I wrote the utf-8 decoder for statictea because I found a bug in nim’s unicode validator. I am amazed how many common programs have bugs in their decoders.
I documented what I found in the utf8tests project. You can see the test results and the decoder in it:
For statictea, instead of referencing the decoder from the utf8tests project, I just copied the utf8decoder module into statictea. When the external module is updated, the statictea build process will tell that the module changed and should be updated.
What’s cool about the decoder:
- it’s fast and small
- it passes all the tests
- it returns byte sequences for valid and invalid cases
- it can start in the middle, no need to start at the beginning of a string
- it is easy to build high level functions with it
The decoder is only a few lines of code and it is table driven.
The decoder self corrects and synchronizes if you start in the middle of a character byte sequence. The first return will be invalid, but the following return sequences will be valid.

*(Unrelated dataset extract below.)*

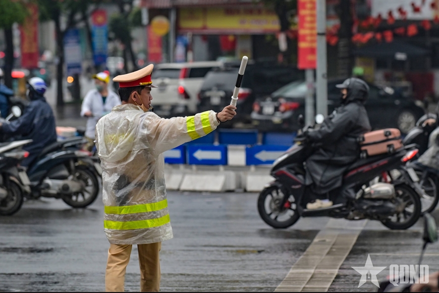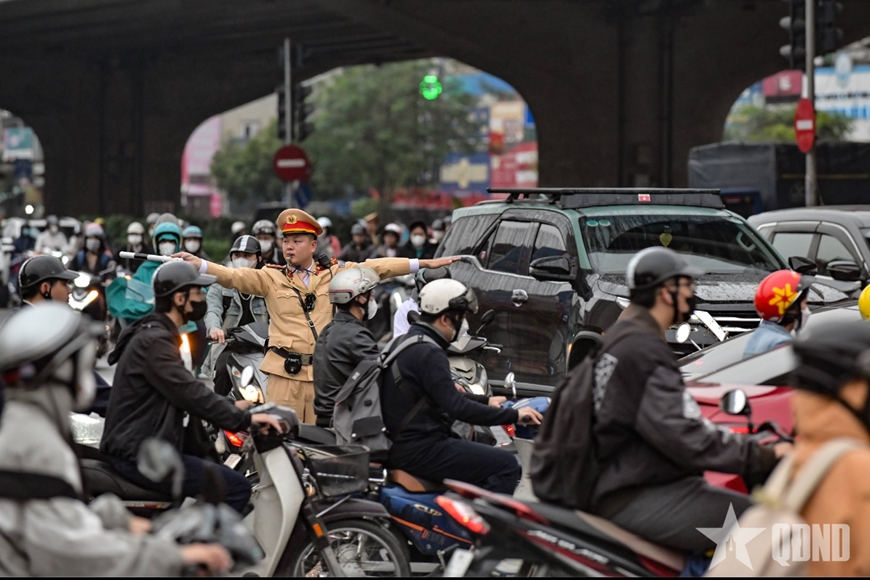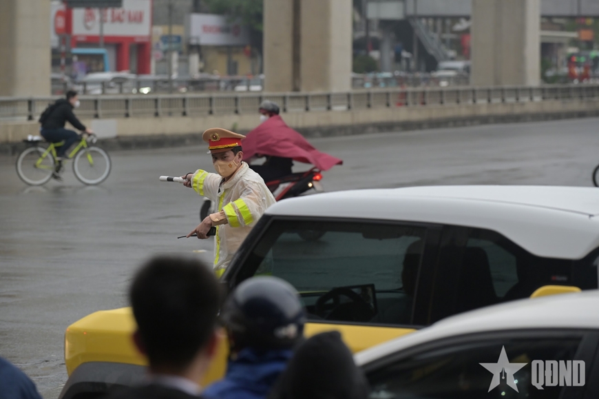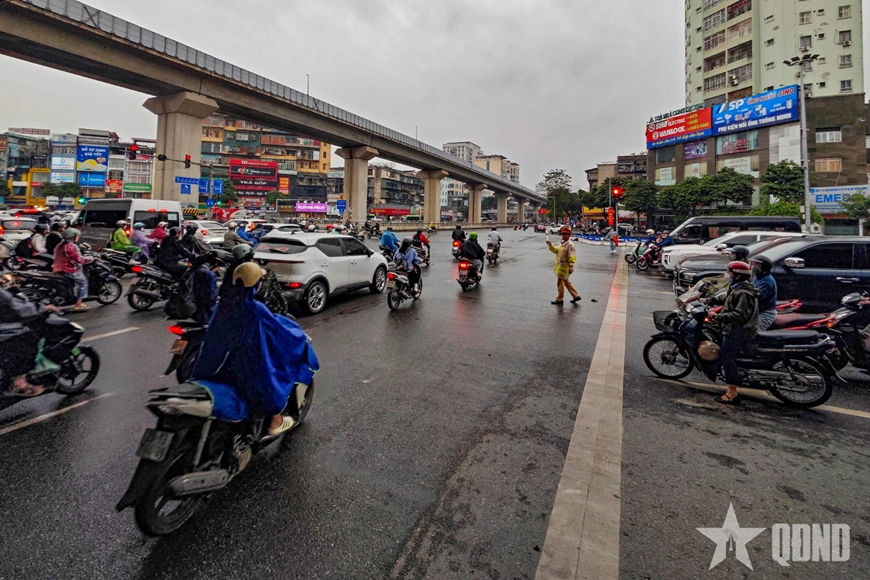 Đằng sau những dòng xe thông suốt là hình ảnh quen thuộc của những cán bộ CSGT vẫn bền bỉ bám đường trong mọi điều kiện thời tiết, âm thầm giữ nhịp giao thông cho Thủ đô.

The utf8decoder module contains useful functions yieldUtf8Chars, validateUtf8String, sanitizeUtf8 and utf8CharString all built around the decoder.
It’s important that your decoder passes the tests. For example, Microsoft introduced a security issue because their decoder allowed over long characters, e.g. it allowed multiple encodings for the same character. This was exploited by a hacker by using a multi-byte separator slash in a file path to access private files.